Print the data below exactly as it stands, and keep the pictures out.
DATASET CONTENT START
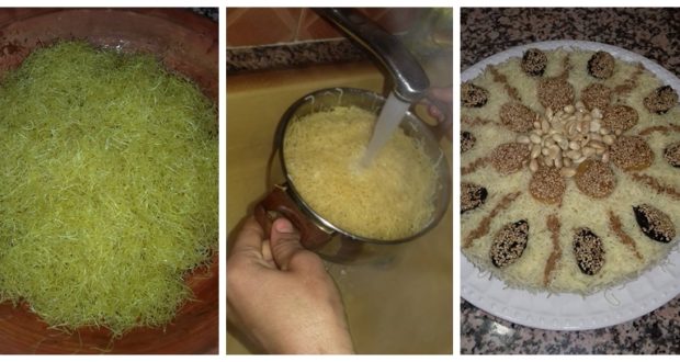 بالنسبة للشعرية بسبستها بالزيت و فورتها 4 المرات تقريبا الاولى كنسقيها في الكسكاس بالماء طايب والمرات الاخرين كنعاودها في القصرية بالماء البارد و قبل التفويرة الاخيرة منعاودهاش بالماء كندير الزبدة والسكر كلاصي ونخلطها وهي سخونة ونرجعها تفور للمرة الاخيرة ثم بعد ذلك نعمل النصف ديالها في الطبسيل ونعمل الحشوة ديال الدجاج ونغطيها بالنصف
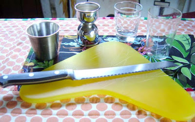 Other tools making a successful bar are: small cutting board and a serrated knife (makes cutting the citrus that much easier), various shot glasses (I have two nice vintage ones I use all the time that measures different ounces and give TBS. and tps. conversions on the sides), A cocktail spoon (extra long handle with a small scoop for hand blending certain drinks that do not require a shaker), Bottle/Wine Bottle opener,
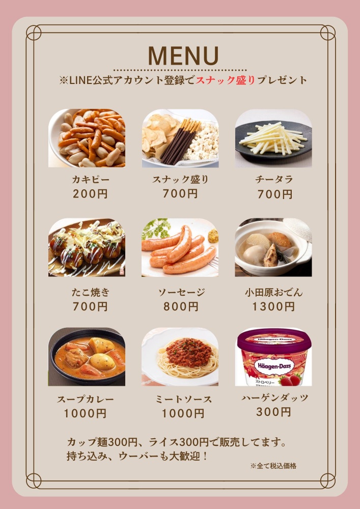 営業時間PM/20:00~3:00ラストイン0:00⚫️喫煙OK⚫️お一人様はカウンター席もございます。⚫️グループ、ファミリー、カップル大歓迎‼️⚫️フード、ウーバー持ち込みOK
DATASET CONTENT END
▶ _SOLVED PROBLEM_
 بالنسبة للشعرية بسبستها بالزيت و فورتها 4 المرات تقريبا الاولى كنسقيها في الكسكاس بالماء طايب والمرات الاخرين كنعاودها في القصرية بالماء البارد و قبل التفويرة الاخيرة منعاودهاش بالماء كندير الزبدة والسكر كلاصي ونخلطها وهي سخونة ونرجعها تفور للمرة الاخيرة ثم بعد ذلك نعمل النصف ديالها في الطبسيل ونعمل الحشوة ديال الدجاج ونغطيها بالنصف
 Other tools making a successful bar are: small cutting board and a serrated knife (makes cutting the citrus that much easier), various shot glasses (I have two nice vintage ones I use all the time that measures different ounces and give TBS. and tps. conversions on the sides), A cocktail spoon (extra long handle with a small scoop for hand blending certain drinks that do not require a shaker), Bottle/Wine Bottle opener,
 営業時間PM/20:00~3:00ラストイン0:00⚫️喫煙OK⚫️お一人様はカウンター席もございます。⚫️グループ、ファミリー、カップル大歓迎‼️⚫️フード、ウーバー持ち込みOK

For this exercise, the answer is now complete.